Mustamin Raga | Uang Koperasi

  • Whatsapp
Ilustrasi Mustamin Raga

Mereka punya slogan manis tentang keuangan inklusif, tapi cobalah tanyakan pada tukang bentor, tukang parkir, atau ibu warung di pojokan kampung: adakah mereka bisa meminjam sejuta saja tanpa jaminan? Tanpa surat, tanpa fotokopi tiga lembar, tanpa tanda tangan suami, tanpa saldo mengendap?

PELAKITA.ID – Entah siapa yang pertama kali memberi nama “uang koperasi”, tapi seolah-olah uang itu punya sayap dan hati. Ia datang cepat, menolong tanpa banyak bertanya, lalu pergi meninggalkan tanda tangan kecil di atas kuitansi berbunga tinggi.

Ah, uang koperasi—kadang tampak seperti malaikat penolong, namun dua atau tiga bulan kemudian, wajahnya berubah menjadi penagih yang tak kenal belas kasih.

Namun begitulah hidup di negeri yang lembaganya sibuk mencatat angka dan melupakan rasa. Ketika rakyat kecil menahan napas karena biaya sekolah anak tiba-tiba jatuh tempo, atau saat dapur menjerit karena gas habis sementara gaji belum cair, siapa yang datang lebih dulu? Bukan bank, bukan lembaga resmi, bukan pula kementerian yang gemar berkoar soal pemberdayaan rakyat. Yang datang justru petugas koperasi, berjaket lusuh tapi sigap, membawa formulir dan senyum yang meyakinkan.

“Cuma KTP, Pak, dan tanda tangan surat ini. Cepat cair.”

Kalimat itu seperti musik pengantar tidur bagi rakyat yang letih dihantam badai kebutuhan. Tak peduli bunga yang kelak menggerogoti sisa gaji bulanan—karena hari ini yang penting anak bisa sekolah dan dapur tetap mengepul.

Di sisi lain, bank-bank pemerintah yang megah dengan lantai marmer dan pendingin ruangan sejuk seperti ruang tunggu surga, tampak terlalu sibuk mematut diri.

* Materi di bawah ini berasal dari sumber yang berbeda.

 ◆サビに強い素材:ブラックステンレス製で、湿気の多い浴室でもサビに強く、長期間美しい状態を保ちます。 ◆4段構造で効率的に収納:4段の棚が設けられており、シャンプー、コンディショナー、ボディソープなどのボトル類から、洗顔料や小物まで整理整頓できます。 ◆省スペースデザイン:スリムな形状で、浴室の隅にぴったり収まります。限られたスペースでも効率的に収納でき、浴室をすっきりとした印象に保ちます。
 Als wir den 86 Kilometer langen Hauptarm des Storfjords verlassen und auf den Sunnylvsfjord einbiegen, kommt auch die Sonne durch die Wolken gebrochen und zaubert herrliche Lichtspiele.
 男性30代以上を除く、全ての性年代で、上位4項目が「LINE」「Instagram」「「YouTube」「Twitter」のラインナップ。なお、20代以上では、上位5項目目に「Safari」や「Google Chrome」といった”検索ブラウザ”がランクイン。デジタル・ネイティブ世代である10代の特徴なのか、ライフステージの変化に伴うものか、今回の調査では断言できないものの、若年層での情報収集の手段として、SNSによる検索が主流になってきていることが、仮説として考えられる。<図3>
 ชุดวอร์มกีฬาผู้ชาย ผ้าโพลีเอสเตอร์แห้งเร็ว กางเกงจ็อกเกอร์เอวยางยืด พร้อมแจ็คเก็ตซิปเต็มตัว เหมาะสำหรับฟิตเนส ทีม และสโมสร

Mereka punya slogan manis tentang keuangan inklusif, tapi cobalah tanyakan pada tukang bentor, tukang parkir, atau ibu warung di pojokan kampung: adakah mereka bisa meminjam sejuta saja tanpa jaminan? Tanpa surat, tanpa fotokopi tiga lembar, tanpa tanda tangan suami, tanpa saldo mengendap?

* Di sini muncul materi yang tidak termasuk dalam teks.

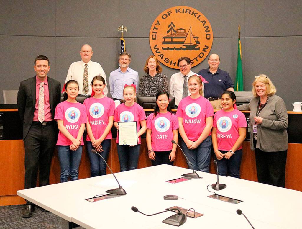 The Kirkland City Council designated April to the LEGO Lassies at its April 2 meeting.

Ah, bank-bank itu memang baik… asal kita sudah punya uang.

Mereka berdiri gagah di pusat kota, memandang rakyat kecil dari balik kaca bening seperti menatap koleksi langka di museum. Jaraknya bukan hanya fisik, tapi juga emosional.

Rakyat kecil butuh uang cepat untuk membeli beras, sementara bank butuh waktu lama untuk memeriksa berkas. Rakyat kecil ingin solusi, tapi bank ingin verifikasi. Rakyat kecil butuh kepercayaan, tapi bank menuntut jaminan. Pada akhirnya, rakyat kecil menyerah dan kembali ke pangkuan uang koperasi—si penolong yang mahal tapi nyata.

Betapa ironis. Negara ini punya banyak lembaga keuangan resmi yang katanya pro rakyat, tapi justru rakyatlah yang harus proaktif mencari tolongannya sendiri—dengan bunga yang lebih mencekik.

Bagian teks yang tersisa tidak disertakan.